LISTED ENTRIES:
↓↓↓
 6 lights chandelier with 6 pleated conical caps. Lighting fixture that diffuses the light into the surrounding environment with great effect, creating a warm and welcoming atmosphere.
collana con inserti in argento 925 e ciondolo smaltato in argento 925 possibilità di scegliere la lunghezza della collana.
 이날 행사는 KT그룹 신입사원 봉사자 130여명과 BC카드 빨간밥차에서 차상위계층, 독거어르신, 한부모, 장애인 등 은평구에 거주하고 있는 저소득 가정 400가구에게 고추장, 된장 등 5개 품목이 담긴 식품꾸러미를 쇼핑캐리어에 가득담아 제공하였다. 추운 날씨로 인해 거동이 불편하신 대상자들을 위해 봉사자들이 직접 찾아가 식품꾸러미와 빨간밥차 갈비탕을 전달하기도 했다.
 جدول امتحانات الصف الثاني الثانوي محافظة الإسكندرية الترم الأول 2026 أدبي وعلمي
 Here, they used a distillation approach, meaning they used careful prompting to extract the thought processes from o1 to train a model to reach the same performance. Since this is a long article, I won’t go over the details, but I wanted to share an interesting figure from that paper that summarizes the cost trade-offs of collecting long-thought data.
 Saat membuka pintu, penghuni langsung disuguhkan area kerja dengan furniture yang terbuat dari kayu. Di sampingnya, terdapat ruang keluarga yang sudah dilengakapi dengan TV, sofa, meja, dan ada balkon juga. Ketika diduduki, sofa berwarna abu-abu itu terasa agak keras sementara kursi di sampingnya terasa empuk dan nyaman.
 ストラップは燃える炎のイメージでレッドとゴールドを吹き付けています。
↑↑↑
↓↓↓
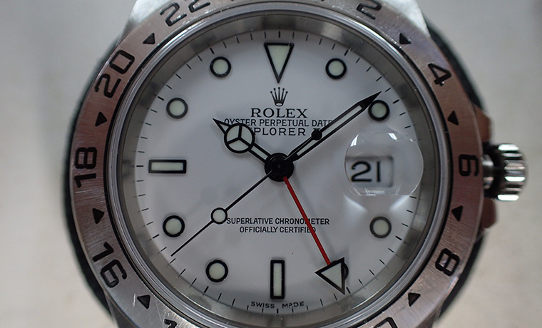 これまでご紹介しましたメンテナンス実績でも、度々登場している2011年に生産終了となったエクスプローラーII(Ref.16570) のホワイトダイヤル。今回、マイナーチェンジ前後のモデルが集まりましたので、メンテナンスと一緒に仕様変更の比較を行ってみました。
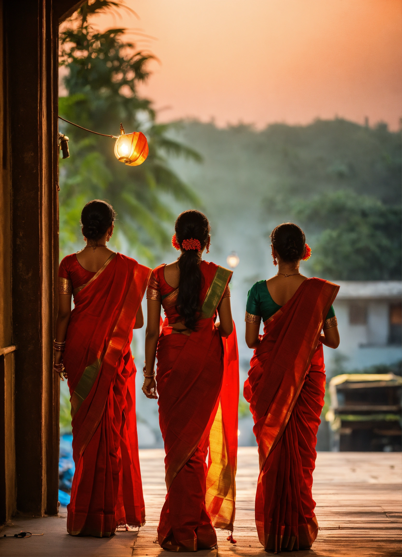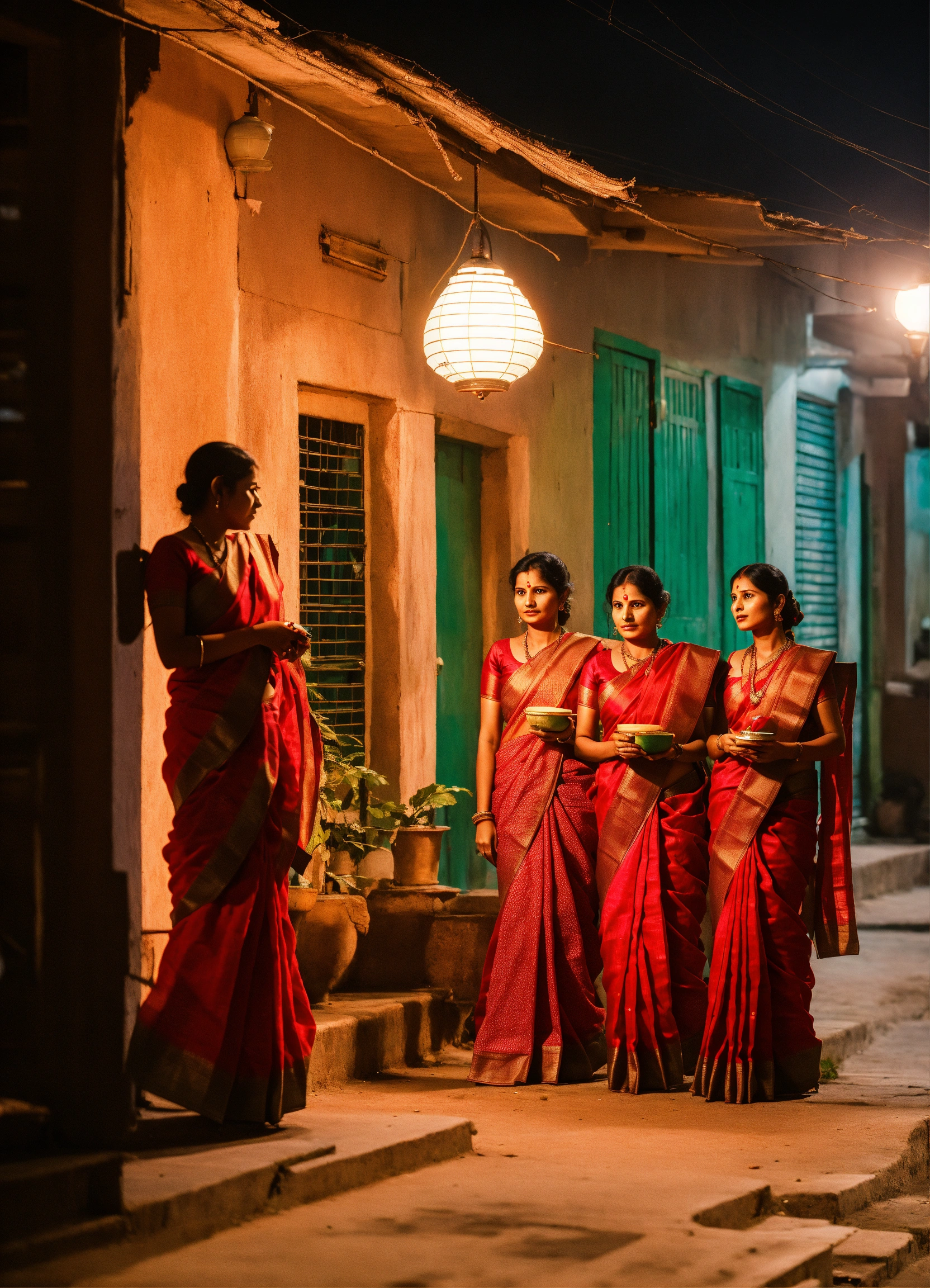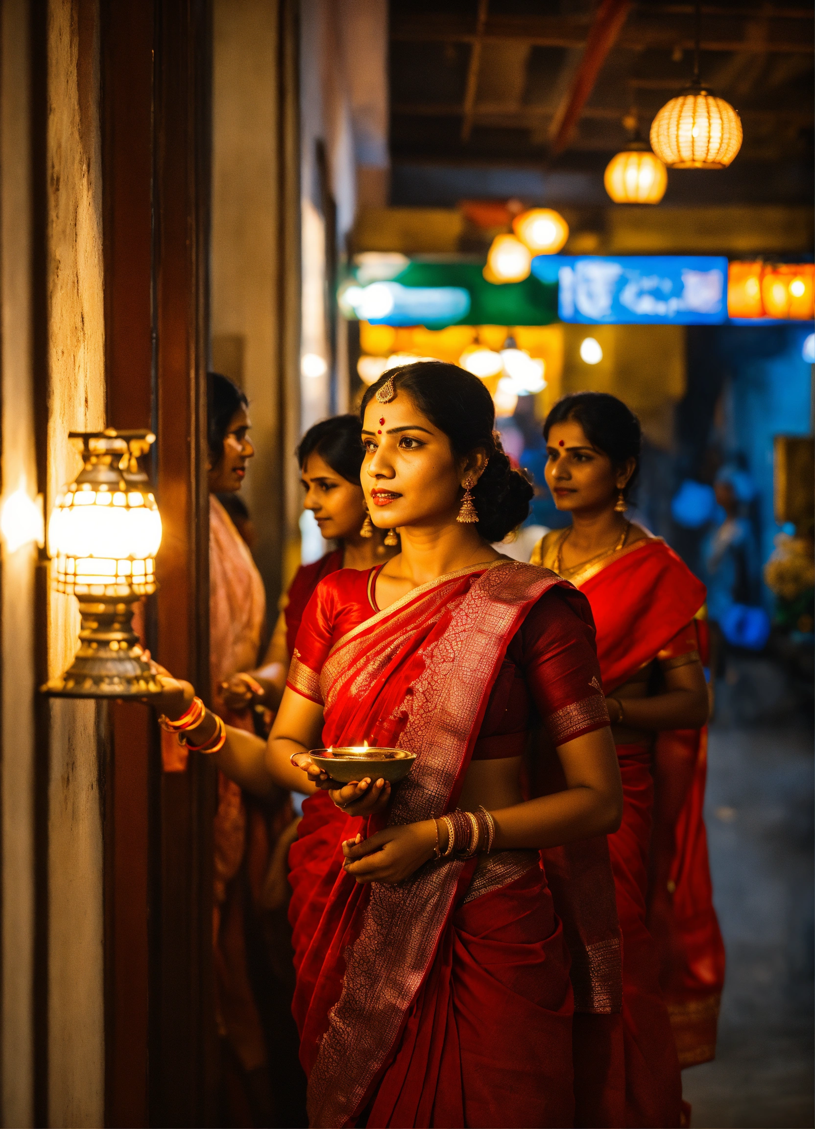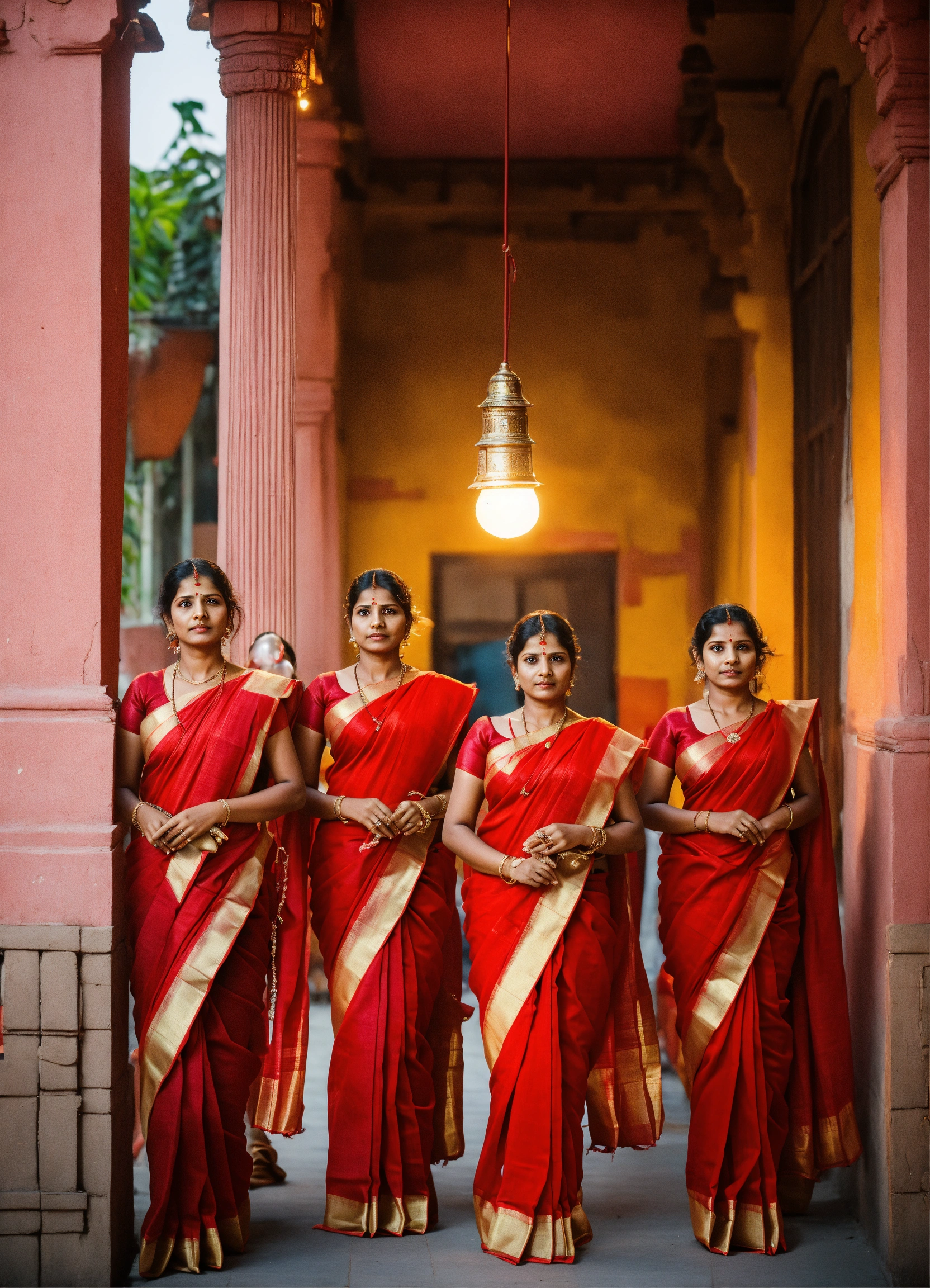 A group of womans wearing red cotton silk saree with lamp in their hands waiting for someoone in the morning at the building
↑↑↑
Give again, word for word, every line of the listing above from the one with "6 lights chandelier" to the one with "ストラップは燃える炎のイメージでレッドとゴールドを吹き付けています。", both inclusive, and nothing beyond them.

 6 lights chandelier with 6 pleated conical caps. Lighting fixture that diffuses the light into the surrounding environment with great effect, creating a warm and welcoming atmosphere.
collana con inserti in argento 925 e ciondolo smaltato in argento 925 possibilità di scegliere la lunghezza della collana.
 이날 행사는 KT그룹 신입사원 봉사자 130여명과 BC카드 빨간밥차에서 차상위계층, 독거어르신, 한부모, 장애인 등 은평구에 거주하고 있는 저소득 가정 400가구에게 고추장, 된장 등 5개 품목이 담긴 식품꾸러미를 쇼핑캐리어에 가득담아 제공하였다. 추운 날씨로 인해 거동이 불편하신 대상자들을 위해 봉사자들이 직접 찾아가 식품꾸러미와 빨간밥차 갈비탕을 전달하기도 했다.
 جدول امتحانات الصف الثاني الثانوي محافظة الإسكندرية الترم الأول 2026 أدبي وعلمي
 Here, they used a distillation approach, meaning they used careful prompting to extract the thought processes from o1 to train a model to reach the same performance. Since this is a long article, I won’t go over the details, but I wanted to share an interesting figure from that paper that summarizes the cost trade-offs of collecting long-thought data.
 Saat membuka pintu, penghuni langsung disuguhkan area kerja dengan furniture yang terbuat dari kayu. Di sampingnya, terdapat ruang keluarga yang sudah dilengakapi dengan TV, sofa, meja, dan ada balkon juga. Ketika diduduki, sofa berwarna abu-abu itu terasa agak keras sementara kursi di sampingnya terasa empuk dan nyaman.
 ストラップは燃える炎のイメージでレッドとゴールドを吹き付けています。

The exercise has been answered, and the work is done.